For the mayors and councils, the shoes are about to drop. Budget time is nigh.
And the first challenge of resolve will test councils that likely feel more loyalty to their self-interest of fulfilling their pledges than in setting them aside to address what is bound to infect communities economically in the short- and medium-term.
In good times, property tax and municipal fees already were inflation-plus. Surely we can’t be about to let that happen, but we aren’t hearing anything different in the plans. Apart from their own schemes, there are multi-year commitments from previous councils difficult to undo.
How they contend at council with what we contend at home and work will be the litmus of their leadership.
Consider why this is a priority.
We now have had a six-pack of interest rate increases. An unlucky seventh is due in December.
A variable rate mortgage today – the kind most Canadians bear, by the way, as a saving at the moment and a gamble on the future – is three-and-a-half points higher than it had been for more than two years until this past March.
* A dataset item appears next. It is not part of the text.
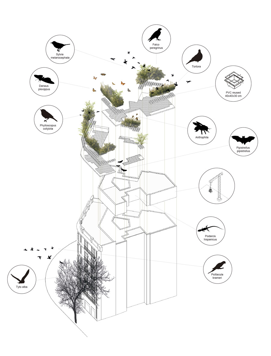 La vegetación se organiza en dos estratos. Uno más alto que conecta con los Platanus hispanica característicos de l’Eixample y un segundo estrato, más bajo, con un crecimiento rastrero como la Carissa macrocarpa de gran atractivo para las aves. También incluimos gramíneas tipo Stipa tenuissima, para dar movimiento en la plantación.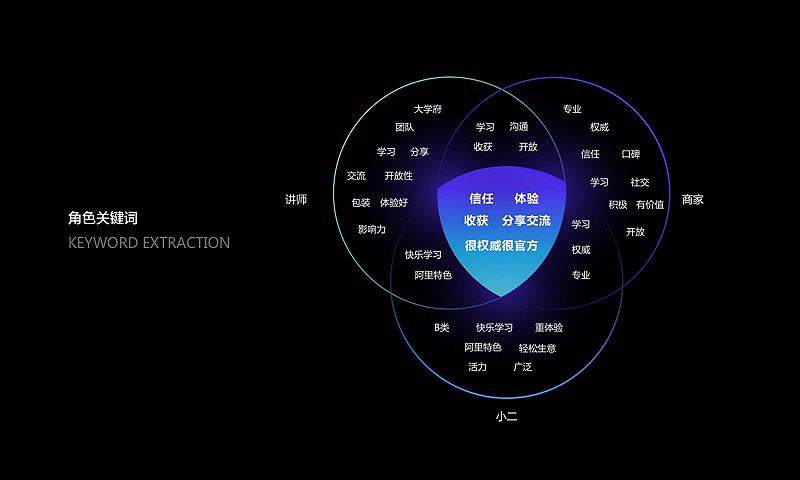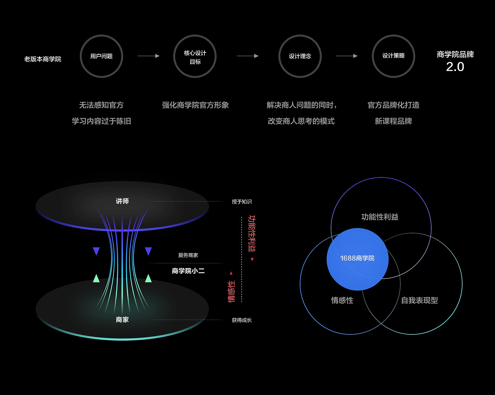 “商学院不只解决你的问题,更在改变你的商人思维模式” ,这是我们与业务方探讨之后得出的设计理念。我们通过商学院的用户关系找到了商学院品牌价值的定位,最终将品牌价值定位在功能利益型和情感类两大类,并将重心倾向于情感性。

Consider what that meant in terms of housing purchases and mortgage renewals.
Look longer back, and consider that the central bank rate of 3.75 per cent is higher than it has been any time since March 2008. sa国际传媒 may have dodged the worst of the 2008 financial crisis, but we went on a borrowing spree. Borrowing has been cheaper ever since until now.
Most any initiative you have to start a business or to refinance one to modernize is coming with sticker shock. The prime lending rates at most institutions now are nearly six per cent.
The Economist this month declared sa国际传媒 the country most at risk with our housing debt, ahead of 16 other developed nations in a combination of rate hikes (three per cent), household debt as a percentage of disposable income (186 per cent), and housing price increases from 2019 to the second quarter of 2022 (41 per cent).
Price growth, borrowing levels and the speed with which interest rate increases hit the borrower factor into a serious threat. “Bring this together, and all the ingredients for a deep housing slump are in place,” it warned the wider world.
More and more Canadians are learning that the Bank of sa国际传媒 governor is named Tiff Macklem, and not for particularly ideal reasons. He is the regular Gloomy Gus all of a sudden, the public face of a central bank tightening its monetary policy in its waging of war on a sustained inflation (still near seven per cent) neither he nor pretty much all the economists thought would be with us.
We have to go back four decades for inflation to be so persistently high, and really, apart from the opportunity for a better hair line and waist line, who wants to go back four decades?
Today’s inflation arises from a supply chain bottleneck and commodity price increases abroad and consumer and labour demand outpacing supply at home. Rates won’t come down until there is material progress on those four fronts.
There is some evidence that the inflation train is slowing, but then again, that would bring on a host of other problems. The hot economic engine would go cold. The central bank is predicting GDP growth will go from 3.25 per cent this year to one per cent next year and two per cent in 2024, just as inflation is predicted to be three per cent at the end of 2023 and two per cent by the end of 2024. If true (and the bank keeps darkening its message and missing its forecasts), that ought to bring some rate relief along the way for our household budgets – as long as our employers stay open and we have our jobs.
The largest mistake any incoming council can make is to sustain its passivity in passing along its costs. Take a break from the big plan, take a scalpel to the budget to remove all distractions and preserve the central functions and bring in a tax plan that contributes to the wrestling and not further unleashing of the inflationary menace.
We’ll see soon enough. Join me in crossing fingers.
Kirk LaPointe is publisher and editor-in-chief of BIV and vice-president, editorial, of Glacier Media.